Task goal.
Lower down are entries containing pictures. Copy exactly, without those pictures, the lines from the line with "6060-0286 antracit/anthracite |" through the line with "Foto n. 11 Ufficio 1".

Supplied data.
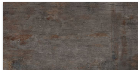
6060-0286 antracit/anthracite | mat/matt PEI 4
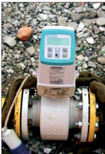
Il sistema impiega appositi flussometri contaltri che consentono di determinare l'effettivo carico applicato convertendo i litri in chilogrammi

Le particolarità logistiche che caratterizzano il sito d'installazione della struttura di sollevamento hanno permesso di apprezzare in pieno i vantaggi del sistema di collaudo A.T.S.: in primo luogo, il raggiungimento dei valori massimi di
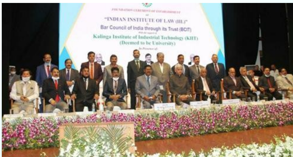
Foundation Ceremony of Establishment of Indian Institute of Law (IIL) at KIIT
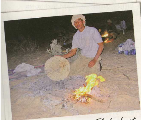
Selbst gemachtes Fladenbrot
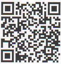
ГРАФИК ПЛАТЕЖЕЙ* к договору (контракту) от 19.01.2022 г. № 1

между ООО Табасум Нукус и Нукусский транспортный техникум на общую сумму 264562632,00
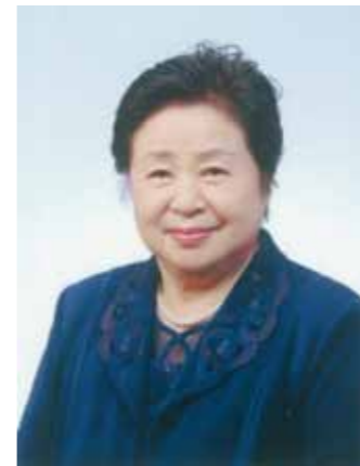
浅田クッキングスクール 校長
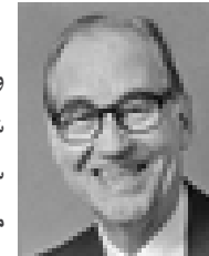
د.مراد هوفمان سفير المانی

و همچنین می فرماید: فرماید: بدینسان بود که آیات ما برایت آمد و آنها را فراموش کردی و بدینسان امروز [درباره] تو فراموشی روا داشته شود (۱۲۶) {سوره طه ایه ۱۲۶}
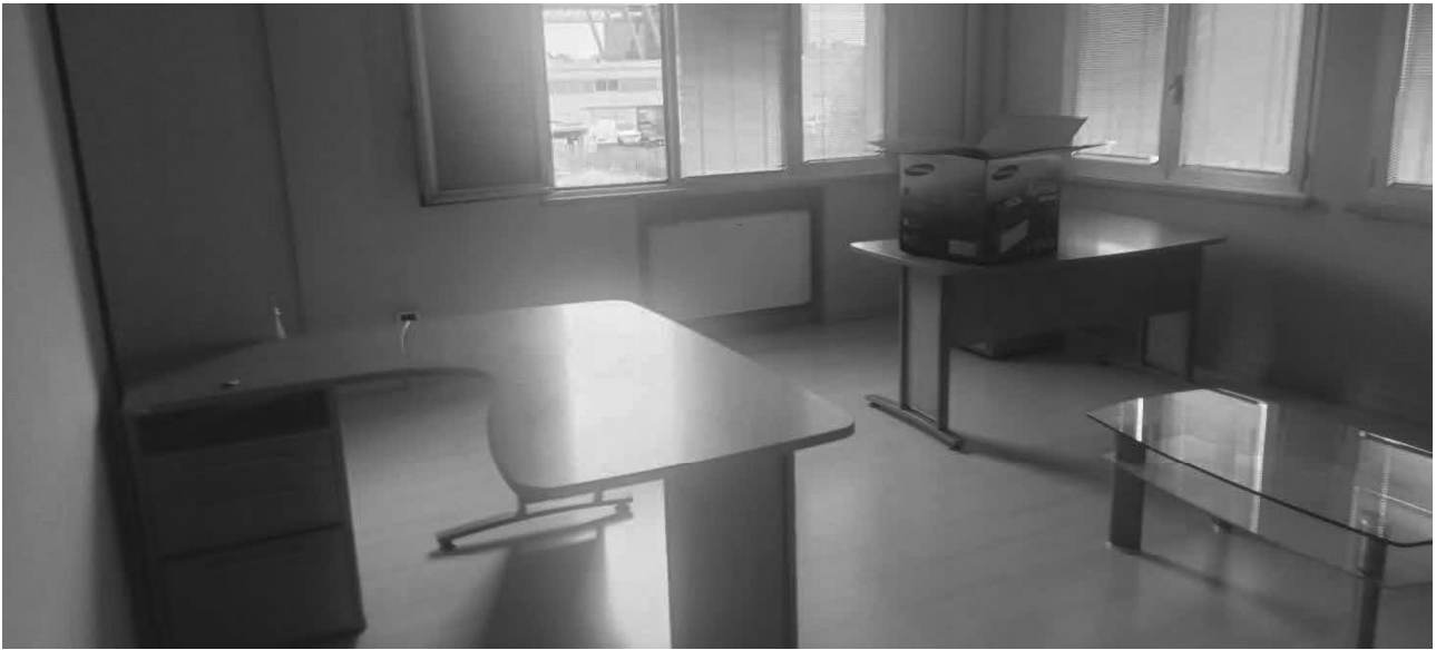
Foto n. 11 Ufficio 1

* * *

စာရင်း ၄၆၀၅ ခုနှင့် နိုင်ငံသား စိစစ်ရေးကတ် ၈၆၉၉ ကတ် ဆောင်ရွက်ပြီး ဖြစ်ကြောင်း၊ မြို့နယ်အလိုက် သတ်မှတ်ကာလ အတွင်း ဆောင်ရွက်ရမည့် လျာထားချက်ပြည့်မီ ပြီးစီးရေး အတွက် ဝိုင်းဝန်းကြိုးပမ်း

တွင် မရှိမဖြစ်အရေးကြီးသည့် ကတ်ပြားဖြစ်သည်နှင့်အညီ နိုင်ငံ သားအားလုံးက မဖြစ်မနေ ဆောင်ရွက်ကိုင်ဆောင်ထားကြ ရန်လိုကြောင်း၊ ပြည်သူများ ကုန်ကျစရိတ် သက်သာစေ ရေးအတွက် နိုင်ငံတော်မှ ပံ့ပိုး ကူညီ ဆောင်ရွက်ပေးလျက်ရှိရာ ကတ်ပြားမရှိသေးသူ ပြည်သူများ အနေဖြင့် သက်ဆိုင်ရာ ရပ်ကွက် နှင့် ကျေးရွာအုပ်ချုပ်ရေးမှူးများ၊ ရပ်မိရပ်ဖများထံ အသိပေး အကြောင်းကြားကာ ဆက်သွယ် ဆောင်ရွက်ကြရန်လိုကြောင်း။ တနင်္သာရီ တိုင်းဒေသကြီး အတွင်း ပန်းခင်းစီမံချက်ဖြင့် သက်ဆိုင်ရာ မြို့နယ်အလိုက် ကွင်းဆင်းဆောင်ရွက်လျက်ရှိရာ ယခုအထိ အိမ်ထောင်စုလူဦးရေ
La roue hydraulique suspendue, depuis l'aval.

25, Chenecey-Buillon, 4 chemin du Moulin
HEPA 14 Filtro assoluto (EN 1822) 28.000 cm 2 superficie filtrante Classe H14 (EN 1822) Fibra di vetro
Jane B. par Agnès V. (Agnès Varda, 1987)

Expected answer.
6060-0286 antracit/anthracite | mat/matt PEI 4
Il sistema impiega appositi flussometri contaltri che consentono di determinare l'effettivo carico applicato convertendo i litri in chilogrammi

Le particolarità logistiche che caratterizzano il sito d'installazione della struttura di sollevamento hanno permesso di apprezzare in pieno i vantaggi del sistema di collaudo A.T.S.: in primo luogo, il raggiungimento dei valori massimi di
Foundation Ceremony of Establishment of Indian Institute of Law (IIL) at KIIT
Selbst gemachtes Fladenbrot
ГРАФИК ПЛАТЕЖЕЙ* к договору (контракту) от 19.01.2022 г. № 1

между ООО Табасум Нукус и Нукусский транспортный техникум на общую сумму 264562632,00
浅田クッキングスクール 校長
د.مراد هوفمان سفير المانی

و همچنین می فرماید: فرماید: بدینسان بود که آیات ما برایت آمد و آنها را فراموش کردی و بدینسان امروز [درباره] تو فراموشی روا داشته شود (۱۲۶) {سوره طه ایه ۱۲۶}
Foto n. 11 Ufficio 1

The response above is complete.